I tried for about 2 hours to figure out how to host my files in GitHub and embed them into my R Markdown. The best I could come up with was the link above (😔) but I know there is a better way! I intend to embed a .txt file that automatically downloads to your computer when you click it.
fishiesData <- read.csv("fishies_cleaned.csv") #apparently I assigned NA to every blank cell in excel. Edited below via subsetting instead of going back to excel.
fishiesData <- subset(fishiesData, Month <10)
fishiesData <- fishiesData %>% #using this to change month names so they show up in the table as actual month name (Itried an if else statement, but couldnt figure out how to list multiple arguments in it.)
mutate(Months = case_when(
Month == 5 ~ "May",
Month == 6 ~ "June",
Month == 7 ~ "July",
Month == 8 ~ "August",
Month == 9 ~ "September"))
fishiesDataTable <- fishiesData |>
drop_na(DO_mgperL) |>
group_by(Months) |>
summarise(Mean_Temp = mean(temp_c),
Mean_DO = mean(DO_mgperL))
gt(fishiesDataTable) |>
opt_table_font(google_font("Caveat")) #no necessary library for Google Fonts, just use google_font() function. BTW, opt_table_font() function comes with gt and can be used to change font on gt table.

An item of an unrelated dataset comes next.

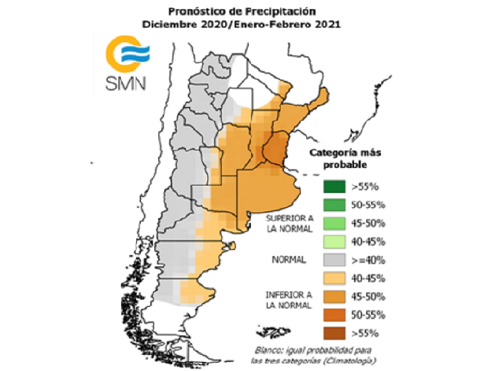 La tendencia climática regional indica que no se debe esperar una recuperación por lo menos hasta el 31 de enero. Durante el mes de Diciembre se espera un panorama similar.

| Months | Mean_Temp | Mean_DO |
|---|---|---|
| August | 7.744185 | 2.119836 |
| July | 7.516663 | 1.848069 |
| June | 8.578735 | 2.943225 |
| May | 8.069267 | 2.703870 |
| September | 7.809440 | 1.383814 |
fishiesDataTable2 <- fishiesData |>
drop_na(SleNAer.Sole) |>
group_by(Months) |>
summarise(Mean_Temp = mean(temp_c),
SD_Temp = sd(temp_c),
Mean_slendersole = mean(SleNAer.Sole),
SD_slendersole = sd(SleNAer.Sole))
gt(fishiesDataTable2) |>
opt_table_font(google_font("Caveat"))
| Months | Mean_Temp | SD_Temp | Mean_slendersole | SD_slendersole |
|---|---|---|---|---|
| August | 7.830281 | 1.0314430 | 59.58333 | 105.4253 |
| July | 7.516663 | 0.3824471 | 64.26829 | 173.4604 |
| June | 8.578735 | 1.0351033 | 90.70588 | 176.1962 |
| May | 8.069267 | 0.1470770 | 543.33333 | 484.1656 |
| September | 7.809440 | 0.2104897 | 392.80000 | 344.8263 |
#checking the distribution
fishiesData$log_SleNAer.Sole = log(fishiesData$SleNAer.Sole+1)# I added 1 because the data contained 0s.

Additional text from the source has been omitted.